COME SI MANIFESTA – La sindrome del nido vuoto si manifesta come difficoltà nel superare il dispiacere di una separazione e nel gestire il tempo libero che deriva da questo distacco. Al senso di vuoto e di assenza possono accompagnarsi depressione, irritabilità, perdita del senso della vita, gelosia nei confronti della nuova compagna che ci ha sottratto il figlio e vari tentativi per mantenere il più possibile il legame con il giovane. Inutile dire che queste strategie per mantenere il contatto, se superano una certa soglia, sono vissute con fastidio dal giovane e possono anche sortire l’effetto opposto, ovvero spingerlo a cercare una distanza ancora maggiore. Complica ulteriormente le cose il fatto che il genitore, in effetti, è contento che il figlio abbia raggiunto la sua autonomia e si distacchi dalla propria casa di origine, come è nell’ordine naturale delle cose: nonostante questo, la difficoltà nel creare una nuova routine resta insormontabile e dolorosa.  In più, il fatto di ritrovarsi faccia a faccia con il solo partner dopo moltissimi anni può fare emergere delle problematiche di coppia che non erano mai state affrontate e, forse, neppure notate. 

 

UN NIDO VUOTO PUÒ ESSERE COMUNQUE FELICE – Il fatto che i figli finalmente abbiamo maturato la volontà di andare a vivere per conto proprio deve essere vissuto come un fatto positivo e deve essere motivo di soddisfazione per un genitore: vuol dire che il giovane ha trovato in casa una base così solida da permettergli di spiccare il proprio volo. Vuol dire che siamo stati bravi genitori e che abbiamo cresciuto figli forti e sicuri di se stessi. Quando ci si sentiamo tristi, questo pensiero dovrebbe confortarci.

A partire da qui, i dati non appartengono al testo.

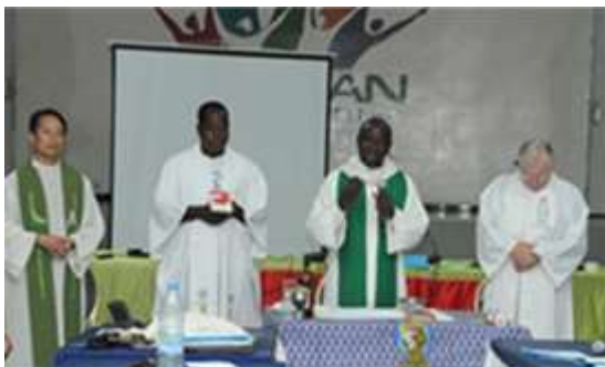
The international character of our celebrations with the chaplains from Korea, Burkina Faso, Senegal, Argentina
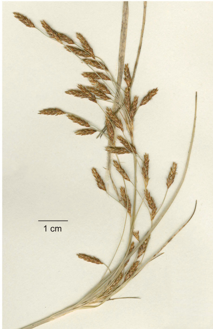
Fig. 2. Inflorescence of Cypringlea evadens (C. D. Adams) Reznicek & S. González [Breedlove 11204 (MICH)].

as the inflorescence; primary rays 5-15 ascending to curving with age, at least the thinnest more or less flexuous, flattened or compressed-trigonous, antrorsely scabrous on margins distally, smooth proximally, the longest 5-11 cm, second, third, and occasionally fourth order branching present, with the spikelets ultimately sessile or rarely short-peduncled (< 5 mm) in fascicles of 2-7 or rarely solitary at tips of primary or second order branches. Spikelets 25-200 per inflorescence, not more than 15% peduncled, linear-ellipsoid, 4-9.5 mm long, 1.7-2.7 mm wide, cuneate at base, acute at apex; scales somewhat spreading, loosely spirally arranged, with 2-4 sterile scales at the base of the spikelet (excluding the prophyll) and 8-25 fertile
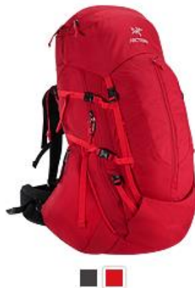
Five day plus, 62 litre volume trekking and backpacking pack constructed with the new C 2 Composite Construction suspension system.
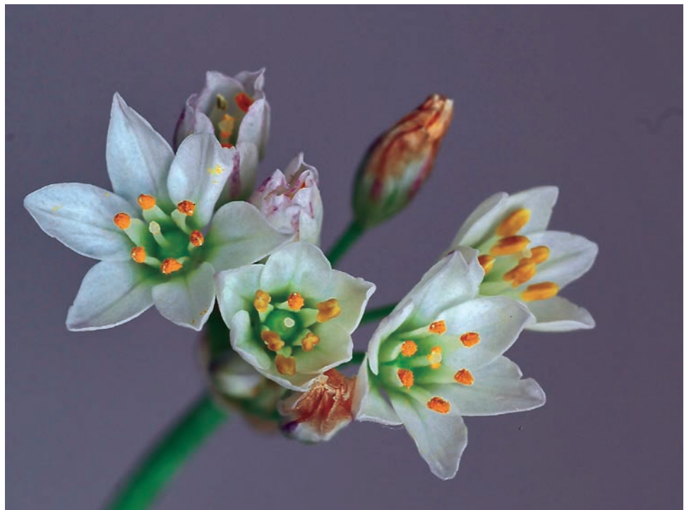
Fig. 7. Nothoscordum gracile.

The species is a medicinal plant included in the Annex to the Medicinal Plants Act. It is distributed in all floristic regions of Bulgaria and has not been reported so far only for the Central Balkan Range (Assyov & Petrova 2012).
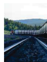
Front cover image: Freight train with hopper cars beneath mountains

Fertilizer Focus Argus Lacon House, 84 Theobald's Road, London, WC1X 8NL, UK Tel: +44 (0)20 7780 4340 Email: fertilizer@argusmedia.com www.argusmedia.com/fertilizer
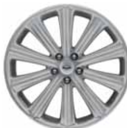
20" Polished Aluminum Optional on 300A and 301A, included with 302A and 303A
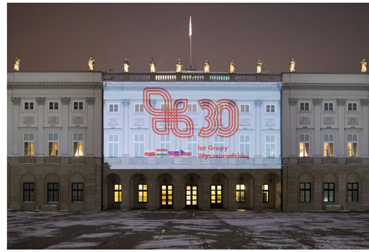
Festive illumination on the facade of the Presidential Palace in Warsaw.

The Presidents also unveiled a commemorative plaque to mark 30 years of cooperation within the Visegrad Group. In the evening, a festive illumination was displayed on the facade of the Presidential Palace in Warsaw.
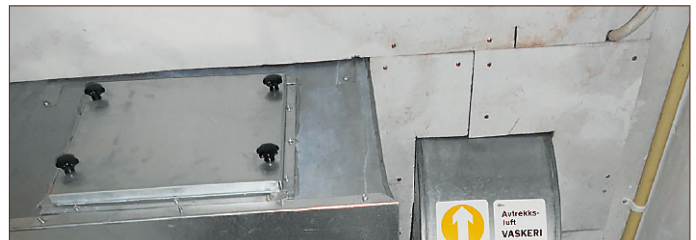
Asbestolux boards in the ceiling in a ventilation room. Asbestos boards often have a white-gray color. Asbestos boards do not have a paper surface. (Gypsum boards has a paper surface and does not normally contain asbestos).
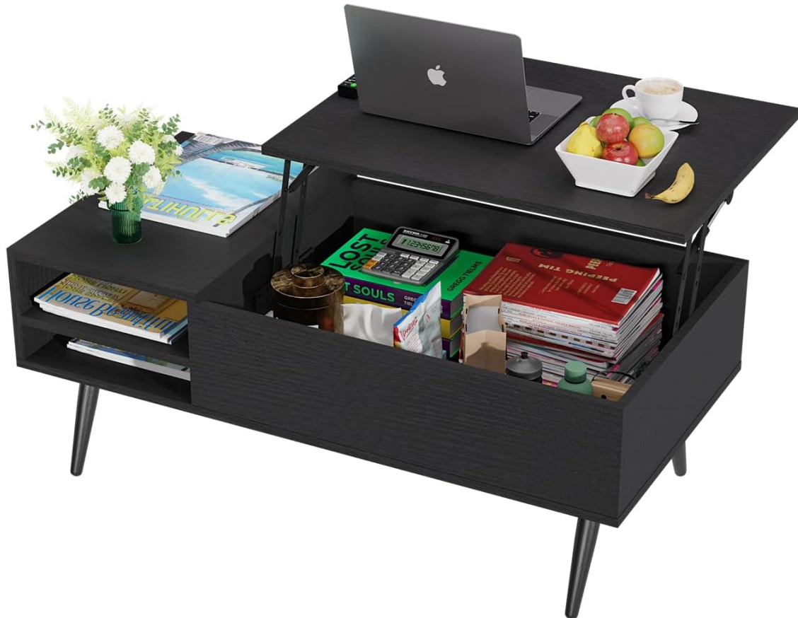
Image 5.3: Visual representation of the table's versatile storage capabilities for various household items.
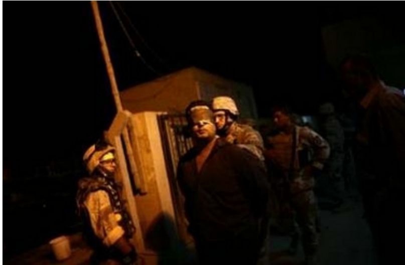
U.S. soldiers arrest Iraqi man him during a night patrol at the Zafraniya neighborhood, southeast of Baghdad September 4, 2007.
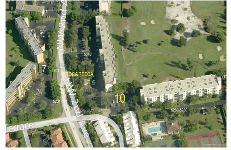
Built in 1984 - 143 units - 5 floors

Boca Teeca Condominium No 10 Inc 5240 Nw 2nd Ave Boca Raton, Florida 33487-4811 (561) 241-1732
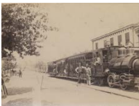
Coast Line Railroad train, ca 1890, Manuscript Collection 1375-280
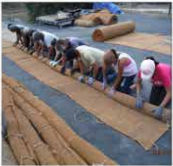
8. Cloud Forest work on SRI.
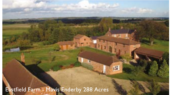
Eastfield Farm - Mavis Enderby 288 Acres

"JHWalter successfully marketed our farm and associated properties. We were impressed by their attention to detail both in recommending the selling price and production of the excellent sales brochure. They provided a thoroughly professional service and we would recommend them to anyone."
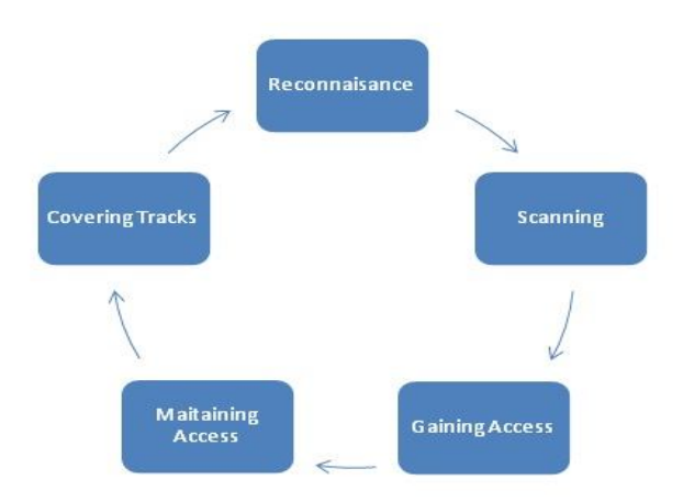
Fig. 2: PHASES OF HACKING

The overall hacking methodology consists of bound steps that square measure as follows:
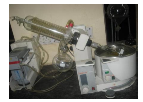
Fig. 5. Rotary evaporation process
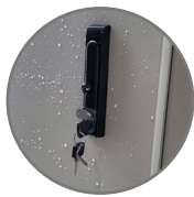
WEATHERPROOF with Locks

-    È il momento di recuperare il rapporto con il nostro partner, tornare a fare insieme le cose che amavamo da ragazzi e che ci hanno aiutato a costruire una vita insieme. Può sembrare strano all’inizio e anche un po’ faticoso, dato che ciascuno ha consolidato negli anni abitudini e interessi individuali, ma con un po’ di buona volontà e perseveranza scopriremo che è bello condividerli. 

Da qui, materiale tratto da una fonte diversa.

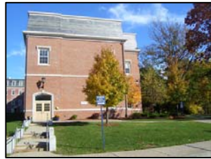
11. Ross House
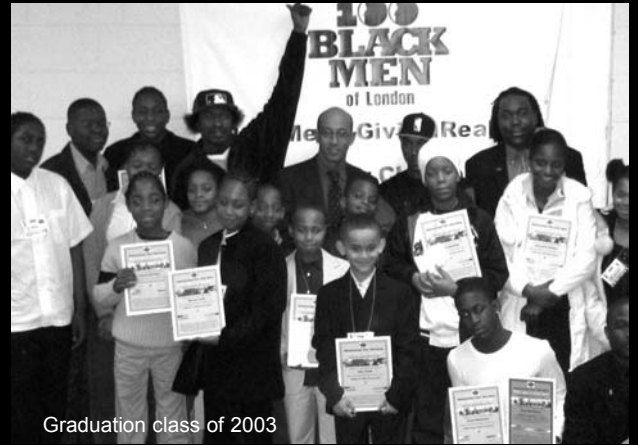
Graduation class of 2003
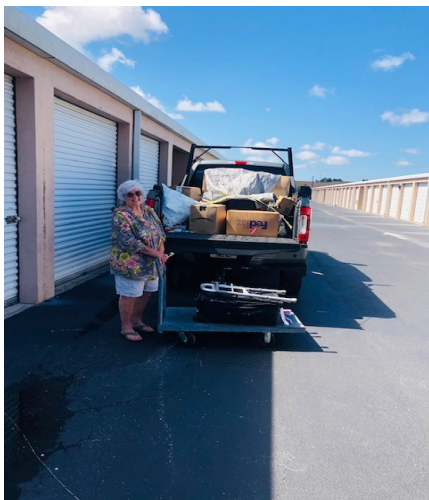
Collecting Medical Supplies In Sarasota
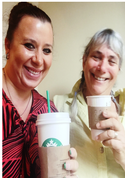
Much needed caffeine break

Family Law & Domestic Relations Marital Contracts Civil Litigation Commercial Litigation Corporate Matters Business Formation Contract Drafting & Review General Litigation LGBT Issues & Custody Estate Planning Wills & Trusts
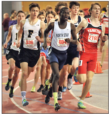
Area Teams Compete At Dan Lennon • 7
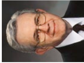
Boyd K. Packer
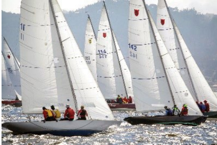
Déjà vu in Monterey
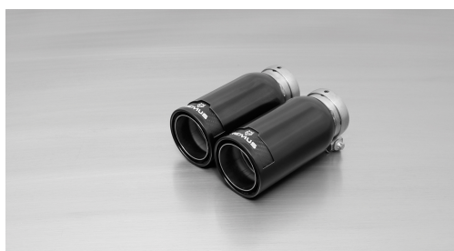
#83CB: tail pipes Ø 84 mm Street Race Black Chrome
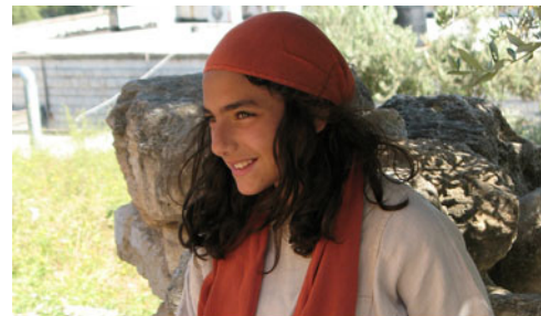
Girl in traditional clothes

Though many Palestinian youths and men commonly wear Western attire, older and more conservative men wear kaffiyehs , traditional headdresses. 377 Such headdresses originally functioned as protection from the sun; however, in the modern context the kaffiyeh serves as a symbol of Palestinian nationalism. The late Palestinian leader Yasser Arafat was seldom seen without a kaffiyeh . 378, 379
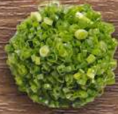
ねぎ Spring onions
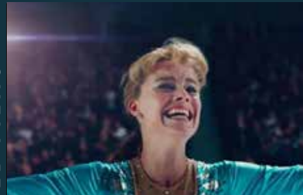
I, TONYA February 23, 25, 26, & 28

A darkly comedic tale of American figure skater, Tonya Harding, and one of the most sensational scandals in sports history. Though Harding was the first American woman to complete a triple axel in competition, her legacy was forever defined by her association with an infamous, and even more poorly executed attack on fellow Olympic competitor Nancy Kerrigan.
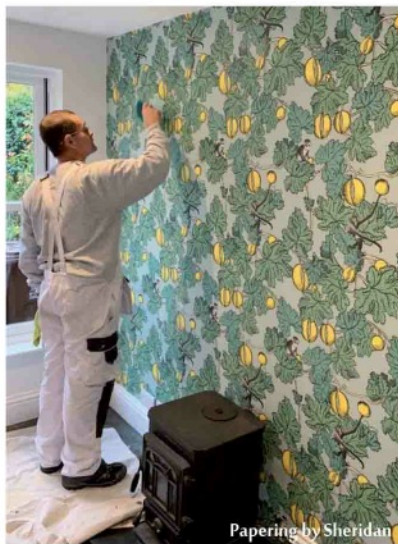
Papering by Sheridan
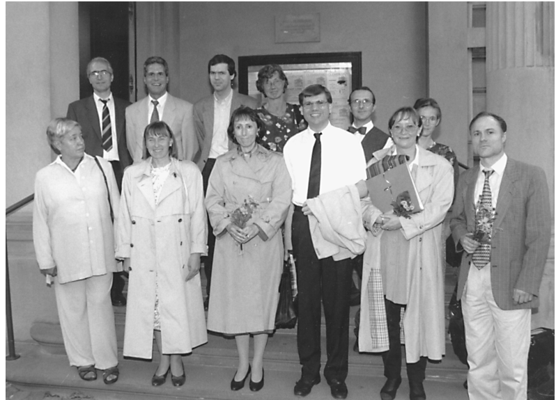
Dichterpflänzchen—"budding poets"—group assembles after poetry recital, September 1997.

This is the last ballad which was created
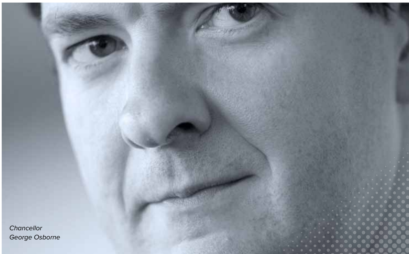
Chancellor George Osborne
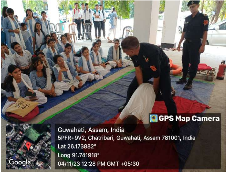
A Disaster Awareness Training programme conducted by Civil Defence, Kamrup Metro District on how to respond to disaster situations
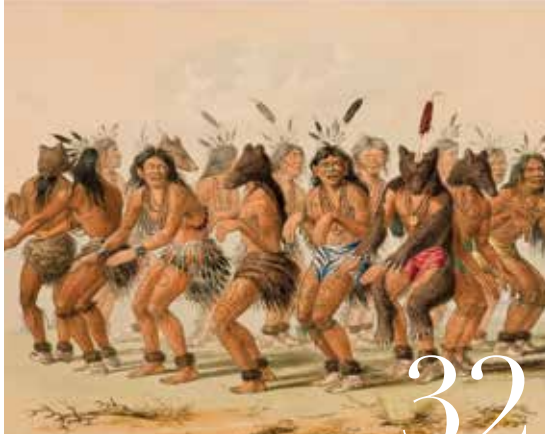
Briscoe Museum, San Antonio
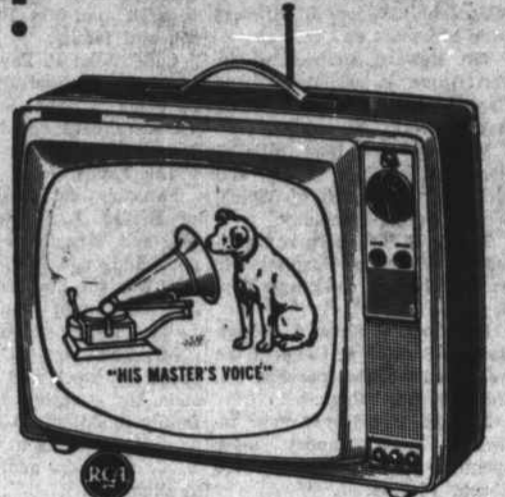
The MODERNETTE SPORTABOUT RCA VICTOR New Vista TV

New Vista Means Dependable Performance and Pleasure
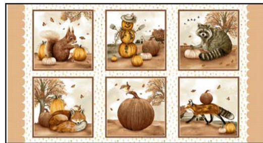
1884-33 Block Repeat Multi
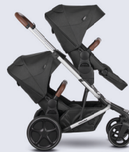
With two seats (optional extension set)
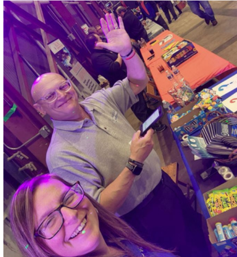
Cheers to Beers and Careers Event
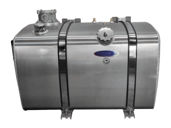
Oval Square Combination tank with pick up pipes grey brackets and stainless steel straps.

-    Lasciamo spazio ai figli adulti: nei primi tempi offriamo (non imponiamo!) consigli e supporto negli aspetti più complessi della loro nuova vita, ma senza interferire troppo con le loro scelte: la miglior maestra è sempre  l’esperienza diretta, anche se può essere utile evitare loro di “battere il naso” contro le loro nuove difficoltà. In ogni caso, evitiamo di farli sentire in colpa per “averci lasciati soli” o perché senza di loro ci sentiamo vuoti e tristi. 
-    Realizziamo finalmente qualcosa per noi stessi, dopo aver trascurato le nostre esigenze e aspettative per tanti anni.